Friday, August 6, 2010
Exhibit Hall A, David L Lawrence Convention Center
Ermias T. Azeria, Biological Sciences, Alberta Biodiversity Monitoring Institute, University of Alberta, Edmonton, AB, Canada, Christian Hebert, Canadian Forest Service, Laurentian Forestry Centre, Natural Resources Canada, Quebec City, QC, Canada and Jacques Ibarzabal, Département des sciences fondamentales, Université du Québec à Chicoutimi, Canada
Background/Question/Methods Both stochastic and deterministic ecological filters act upon regional species pool and leave their imprints on local community assembly. Recurrent and non-random co-occurrence patterns among species should reflect common and distinct interactions of species to their biotic and abiotic environment. For example, segregated co-occurrence between species pairs might indicate species’ preference for segregated habitat types or antagonistic interactions between species within the same habitat. Several studies investigating co-occurrence patterns apply null models that randomize species distribution with constraints that maintain only observed species frequency and site-richness. Such “unconstrained” null models, however, do not distinguish the effect of habitat from biotic interactions. In this study we apply a suite of null models that exclude and explicitly include habitat constraints to explain assembly of Saproxylic beetles emerging from logs (n=360) retrieved from 72 stands following forest fire. The logs represent a range of habitat gradients: tree species (2 classes), burn severity (3 classes) and size/dbh (4 classes). Larval development occurs entirely in the host-tree, thus the successful beetle emergence is contingent on properties of local factors, i.e., suitability of a particular log quality and interspecific interactions.

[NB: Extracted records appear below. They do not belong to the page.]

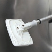 Autoclavable polyester mop system with low profile, swivel head and two fibreglass 46 cm and 61 cm handles facilitates cleaning of isolators, biosafety cabinets, glove boxes and laminar flow hoods.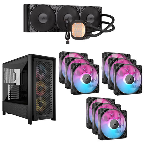 Optimisez la performance de votre processeur grâce à cet ensemble de Corsair, qui comprend le refroidisseur liquide Nautilus RS ACL, des ventilateurs de tour à modulation d'impulsions RX120 RGB de 120 mm avec concentrateur système iCUE LINK et une tour d'ordinateur ARGB Frame 4000D.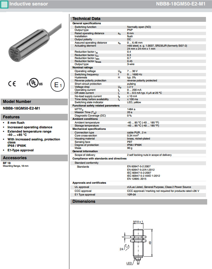 NBB8-18GM50-E2-M1,NBB8-18GM50-E3-M1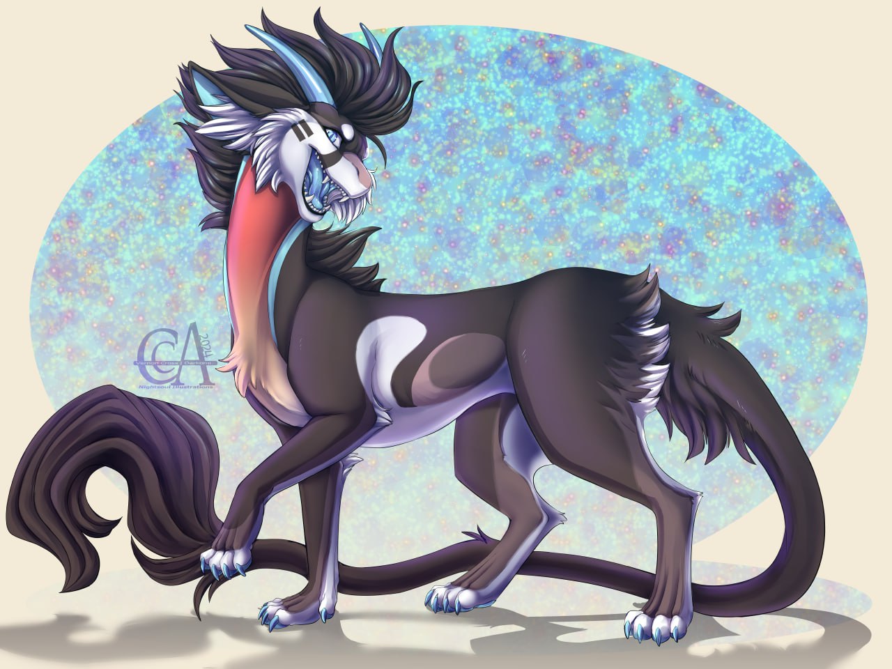 It was tough getting her markings juuust right but also i really love how the final results came out so ToT <3 she's a really cute design!

Results/Conclusions Under “unconstrained” null model, 28% of the species pairwise tests (among 22 species that occur in ≥ 5% of stands) were significantly aggregated (46 pairs) or segregated (22 pairs). The habitat-constrained null models indicated that 72% of the significant aggregated associations were attributed to habitat variables, with tree size/dbh (proxy for resource) alone accounting for 39%; and additional 15% shared with tree type or burn severity. Habitat variables explained 60% of the segregated associations, with tree-type alone accounting for 23% of the associations, and additional 22% shared with the other habitat variables. In addition, 17 of the non-significant pairs were significantly aggregated, but were confounded by segregating effect of tree (11), burn (3) and dbh (3). Results of species-habitat associations corroborated these findings. 41% of the segregated and 28% of the aggregated associations could not be explained by habitat variables, and might be attributed to interspecific interactions. In addition, five segregated pairs were revealed within tree-constrained models. We conclude that while habitat is the principal factor for fine-scale co-occurrence patterns of Saproxylic beetles, there is also strong evidence for interspecific interactions. We suggest habitat-constrained null models could form a basis to distinguish importance of habitat effects from interspecific interactions for community assembly.